The Omaha Cove is adjacent to the township of Leigh, and is a smaller bay within the larger Omaha Bay. The Leigh Scenic Reserve is found directly north of the cove, as well as the Omaha Marae.

== History ==

The harbour's traditional name is Whānga ō Maha, and it is within the rohe of Ngāti Manuhiri. The cove was an important source of sea resources and shelter for Ngāti Manuhiri, and the northern shore is the location of a traditional kāinga. From 1858, Ngāti Manuhiri rangatira Te Kiri Kaiparaoa ran a trading service and commercial fishing operation from the harbour.

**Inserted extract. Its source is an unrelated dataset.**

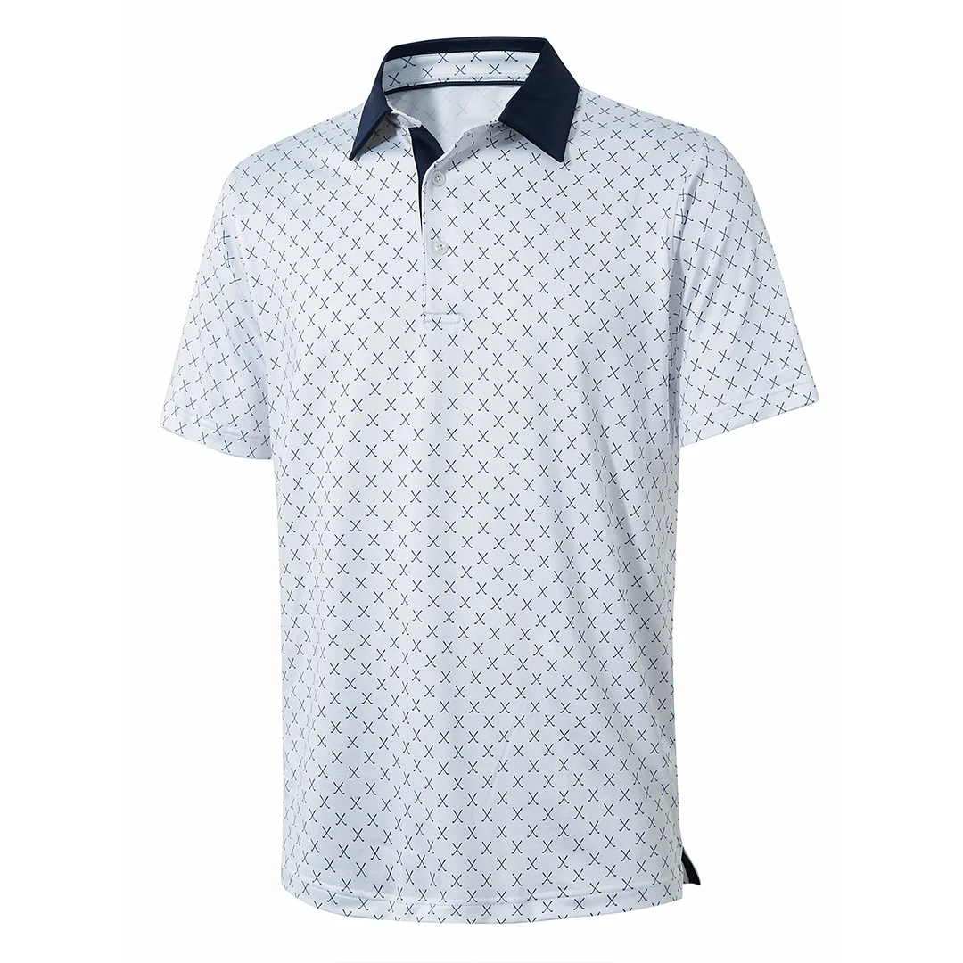 This golf polo for men use allover print stretch fabric with easy care and keep good shape, well-made stitching.

The township of Leigh was established in 1858 to the south of the harbour, when the Crown sold eight allotments. John Wyatt and C. S. Clarke were early European settlers in the area in the 1860s. In 1923, the Wyatt family established a sawmill at the mouth of the harbour, providing boxes for the fruit growers in the area.

In 1957, Leigh Fisheries (also known as Lee Fish) began operating from the harbour. Omaha Marae opened to the north of the cove in 1986.

==Amenities==

The Leigh Harbour Boat Ramp is a fishing spot for anglers, and is the closest boat ramp that can access the Cape Rodney-Okakari Point Marine Reserve to the north. The Leigh Harbour Walkway borders much of the cove, between Cape Rodney Road and Leigh township. The walkway closed in November 2022 due to landslides.